How “Austin Tan Cerca de La Frontera” or ATCF got born –our creation myth–demonstrates another side to cross- border solidarity.  It all began when The American Friends Service Committee, of which Josefina is the Austin coordinator, brought three obreras or women workers to Austin as part of a U.S. speaking tour.  It was October, 1999, and their first stop in Austin was the Church of Nuestra Señora de Guadalupe, where they spoke to a small audience comprising parishioners, Quakers, workers in the immigrants-rights movement, and members of the Austin Peace and Justice Coalition. I came from the Quaker side of the house, and this was my first exposure to the Mexican crisis.  What I saw and heard were three female “Davids” speaking Spanish only, willing to take on “Goliaths,” and able to move mountains. 

Since then, the more I get to know these women, the more I am drawn by the fire of their conviction, their insistence on justice, autonomy, and dignity, and compelled by the example of their resourcefulness.  They have changed my life. It happened to be a Saturday, this day of the miraculous appearance at Nuestra Señora, and the same day as the Living Wage Coalition was staging a monthly picket outside The Gap on Guadalupe to protest sweatshop conditions of U.S. manufacturing in Southeast Asia.  The protesters asked the CFO women to join them, and so a relationship of mutual support across borders began to form.  At this moment, a profound idea came to some of the Austin protesters.  They asked why we are so concerned with the exploitation and abusive conditions that U.S. manufacturers go to Southeast Asia to perpetuate, and are not equally concerned with the conditions they create much closer to home, at the Mexican border. Doug Zachary and Tom West started plans to take an Austin solidarity delegation to the border so that Austin people could begin to see for themselves what was happening and draw their own conclusions. 
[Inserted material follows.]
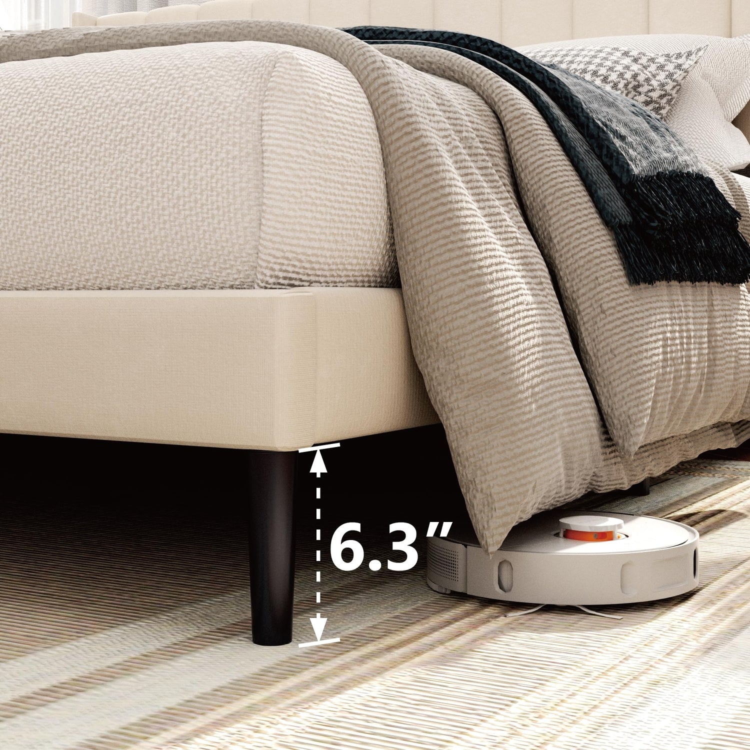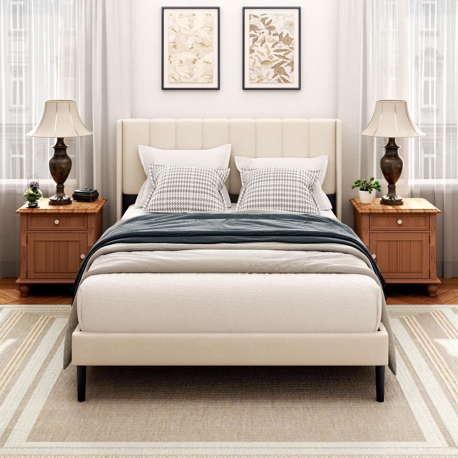 Sismplly Queen Bed Frame with Headboard,Bed Frame Queen Size Vertical Channel Tufted Wingback No Box Spring Needed, Mattress Foundation, Easy Assembly, Beige

The first delegation happened as early as one month later, November 1999.  It included a UT film student, Heather Courtney, who captured footage that she subsequently edited into a 17-minute documentary.  Zachary thought of the name for the group, “Austin Tan Cerca de La Frontera,” or “Austin So Close to the Border.”  One not-so-obvious meaning is that the name paraphrases a saying by Porfirio Diaz, ruler of Mexico from 1876 to 1910, who was pretty much a dictator but who nevertheless had a tendency to say true and pithy aphorisms.  He said, “Poor Mexico, so far from God, so close to the United States.”

From the onset, ATCF and the CFO agreed that the northerners would supply a monthly salary–a living wage–to the CFO to pay one of their full-time organizers.  It has been a struggle for us,  but we have continued to do this since November of 1999. Originally, we paid $420 a month, which compares to a factory salary of $140 to $280 a month.  Eventually, we added an extra $180 to help pay for an enlarged office space that they occupy in Piedras Negras. 

This is the concrete part of our support, but not all we are looking for. In the long view of history, Europe–and then the U.S.–has always coveted the natural resources of Mexico, from gold and silver, to timber to labor, and so relations have been fraught with exploitation, supported by ideologies of racism, manifest destiny, and now neoliberalism.  Given the past, and the differences in culture, language, class, race, and nationality that still exist, it is hard to make relationships of equality between people across the border.

Nevertheless, a human relationship is growing. One way I saw it during this January delegation, which incidentally, is the 11th we have taken, is that the compañeras announced a new six-month campaign of organizing in Alcoa, in a different division than the one that has occupied them for several years and with which they are currently at an impasse.  They said very clearly and they said it twice: “in the new campaign, we will depend on you for support.” We had several discussions about the timing and the form of support we might give, but the important things I saw were that, one, they are including us in their strategizing; and two, the strategizing is being done by new people within their organization. 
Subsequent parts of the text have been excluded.